Construct, Merge, Solve & Adapt with Reinforcement Learning for the min-max Multiple Traveling Salesman Problem
A new hybrid AI method combines reinforcement learning with exact optimization to balance delivery workloads.
A team of researchers from Universitat Politècnica de Catalunya and the Spanish National Research Council has published a novel hybrid algorithm, RL-CMSA (Construct, Merge, Solve & Adapt with Reinforcement Learning), designed to solve the challenging min-max variant of the Multiple Traveling Salesman Problem (mTSP). This optimization problem involves routing multiple salesmen from a common depot to visit all customers while minimizing the longest single tour, a critical metric for workload balance in logistics and delivery services. The proposed method represents a significant advance in combinatorial optimization by effectively merging machine learning guidance with traditional mathematical programming.

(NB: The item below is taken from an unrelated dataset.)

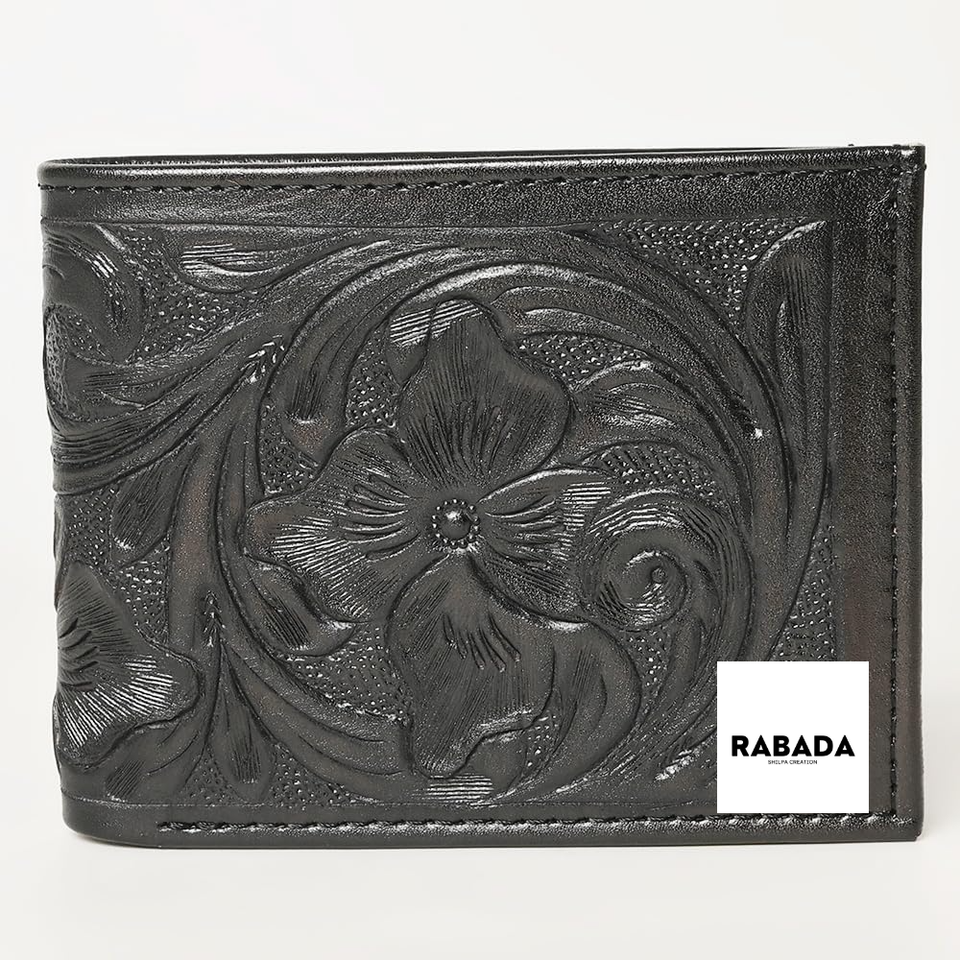 Best Seller Handmade Genuine Leather Floral Hand Tooled Western Men's Wallet With Hand Carved Latest Men Wallet

The RL-CMSA algorithm operates through an iterative four-phase process: it first constructs diverse initial solutions using probabilistic clustering informed by learned q-values (reinforcement learning signals), merges these routes into a solution pool, then solves a restricted set-covering Mixed-Integer Linear Program (MILP) for exact optimization, and finally adapts both the q-values and the pool through reinforcement and pruning. Computational experiments on random and standard TSPLIB benchmarks demonstrate that RL-CMSA consistently finds near-optimal solutions and surpasses the performance of a state-of-the-art hybrid genetic algorithm within comparable time limits. The performance gap widens as problem scale (number of cities) and complexity (number of salesmen) increase, showcasing the method's robustness and scalability for real-world, large-scale routing applications.
- Hybrid RL-CMSA algorithm combines reinforcement learning-guided construction with exact MILP optimization for the min-max mTSP.
- Outperforms a state-of-the-art hybrid genetic algorithm, with advantages growing on larger instances and with more salesmen.
- Iteratively refines solutions using learned q-values and a self-adapting solution pool through ageing and pruning mechanisms.
Why It Matters
Enables more efficient and balanced logistics planning for delivery fleets, reducing maximum route times and improving operational fairness.